Aperio Group, a financial advisory firm that manages customized equity portfolios, has published “The Case for Global Stock Portfolios.” The white paper analyzes the trade-offs of managing investment portfolios with distinct mandates for emerging markets versus a global stock portfolio approach.
Aperio Group argues against the persistent myth that passive investing may not work in less efficient emerging markets. “The empirical evidence disproves the premise that emerging markets managers can successfully exploit the market inefficiencies and earn outsized returns,” writes author Michael Branch, CFA. “On an after-tax basis, our research in this paper shows that only 20% of active fund managers outperformed their representative benchmark and as Morningstar pointed out in ‘Morningstar Investor Returns,’ actual investor experience is often far worse than the composite numbers would suggest.”

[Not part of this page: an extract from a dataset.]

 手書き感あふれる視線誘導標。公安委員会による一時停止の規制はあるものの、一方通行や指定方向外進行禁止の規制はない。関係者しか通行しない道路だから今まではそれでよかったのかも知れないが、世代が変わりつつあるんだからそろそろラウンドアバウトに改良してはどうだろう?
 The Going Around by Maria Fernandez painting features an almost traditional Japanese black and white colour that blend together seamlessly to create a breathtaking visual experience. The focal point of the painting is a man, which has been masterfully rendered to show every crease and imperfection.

Aperio calls for allocating long equity allocations globally rather than to smaller, more discreet mandates, pointing to the potentially costly and not often discussed risks of index reconstitution. A recent example of this was MSCI’s consideration to add Korea and Taiwan to the MSCI EAFE index. This move by MSCI would have resulted in significant portfolio turnover with expensive tax consequences for investors with narrowly defined international allocations.

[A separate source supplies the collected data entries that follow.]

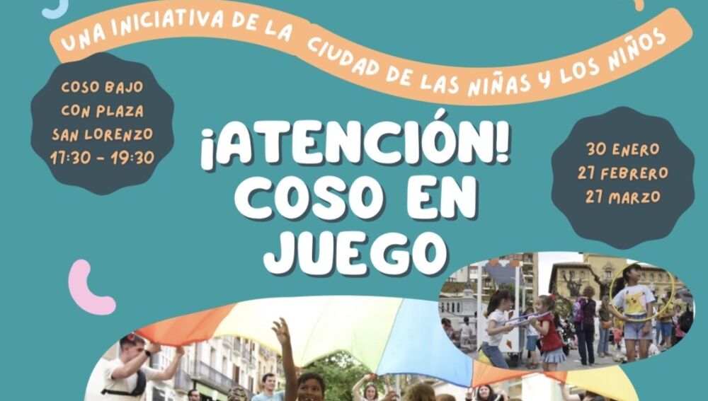El Ayuntamiento de Huesca pone en marcha el proyecto “Coso en Juego”, una iniciativa impulsada desde el Consejo de la Ciudad de las Niñas y los Niños para recuperar el espacio público como lugar de juego, autonomía y encuentro, entendiendo la ciudad como un entorno educativo, seguro y compartido. Así la primera edición tendrá lugar el próximo viernes 30 de enero, de 17'30 a 19'30 horas, tiempo en el que se cortará un tramo del Coso Bajo junto a la plaza San Lorenzo para transformarlo en un espacio de juego libre y no dirigido, en el que niños y niñas podrán jugar, explorar y relacionarse con libertad.
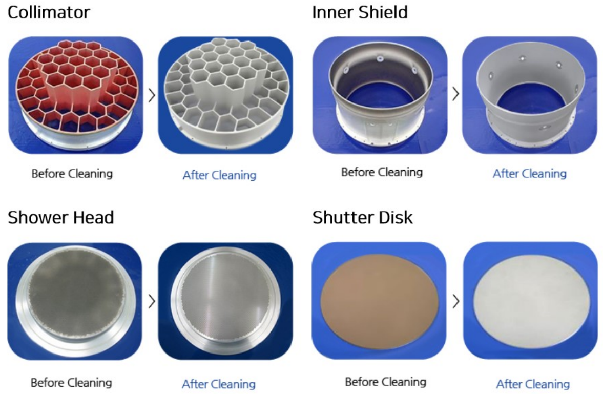오염된 부품은 당사의 프로세스에 의해 세정 작업을 하여 재사용이 가능한 상태를 유지시켜 ㅈ며, 손상된 표면의 안정성을 함께 제공합니다.
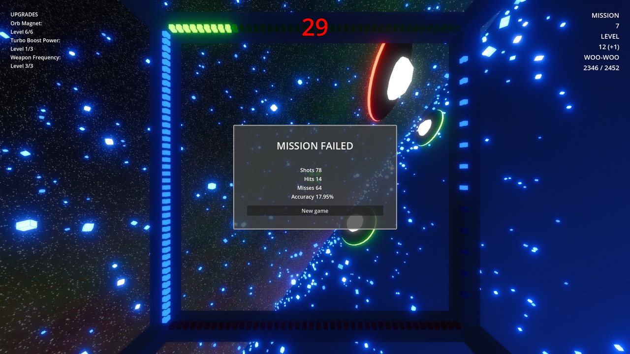 Once death became a factor, it was apparent that the shields were quite inadequate. In the previous demo, the basic non-upgraded shields reduced damage from the back and sides by 50%. This was arguably better than nothing, but still allowed far too many scenarios where your drone would be destroyed without you even seeing a projectile.
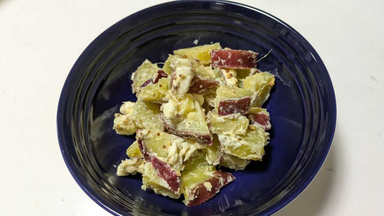 義父のさつまいもを茹でて、マヨネーズ・粒マスタード・クリームチーズ・塩コショウで

The distinction between domestic, international and emerging markets is becoming outdated and artificial, Branch writes. “Correlations between emerging and developed markets continue to rise making it increasingly difficult to achieve the diversification benefits long associated with geographically-focused allocations. This is perhaps best illustrated by Coca-Cola. Coke is headquartered in Atlanta but derives approximately 80% of its revenue from outside the U.S. Is Coke an American or a foreign company?” Investors will do well to ponder this as they consider their allocation strategy, he suggests.